The President of the Republic besides being the head of state is also the commander in chief of the Serbian armed forces and is directly elected based on popular vote to serve a five-year term, but constitutionally the president has little governing power and is primarily a ceremonial position. The current president Aleksandar Vučić serves de facto under a semi-presidential system. The government which is headed by the prime minister and currently has four deputy prime ministers in total including the first deputy prime minister position which is currently occupied by Ivica Dačić. The unicameral National Assembly has 250 seats in total and the members of the parliament are elected by popular vote to serve four-year terms.
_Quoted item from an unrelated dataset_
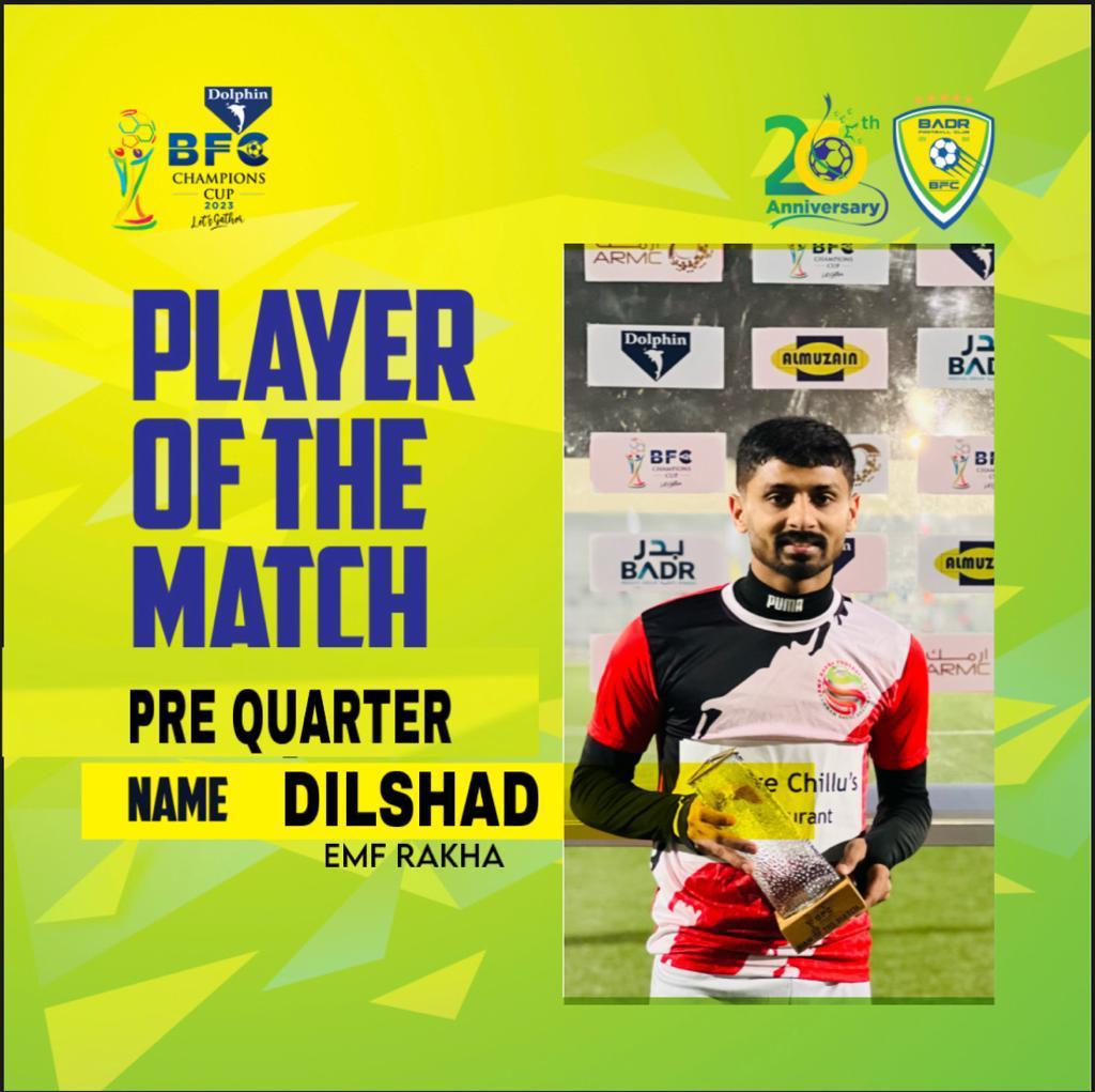 PLAYER OF THE MATCH PRE QUARTER NAME DILSHAD EMF RAKHA

A party must receive at least 3% of the popular vote in the entire country to qualify for any seats, except the minority parties who only have to reach 0.4% of the popular vote. The ruling SNS-led coalition has 106 seats in the parliament, while the government parties in total have 155 seats which leaves the opposition with 90 seats. Besides the parliamentary and presidential elections, Serbia also holds local, regional elections and provincial elections.
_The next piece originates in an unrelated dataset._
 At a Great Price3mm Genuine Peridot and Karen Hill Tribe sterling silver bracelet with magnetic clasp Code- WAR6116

Serbian Progressive Party (SNS) won in the 2014 election and the leader of SNS Aleksandar Vučić became prime minister. Three years later he moved to the presidency. Ana Brnabic has been prime minister since 2017, but president Vučić has kept a firm hold on executive power.

In June 2020, Serbia's ruling Progressive Party (SNS) won a landslide victory in parliamentary elections. Main opposition groups boycotted the vote. According to the opposition the conditions were not free and fair. 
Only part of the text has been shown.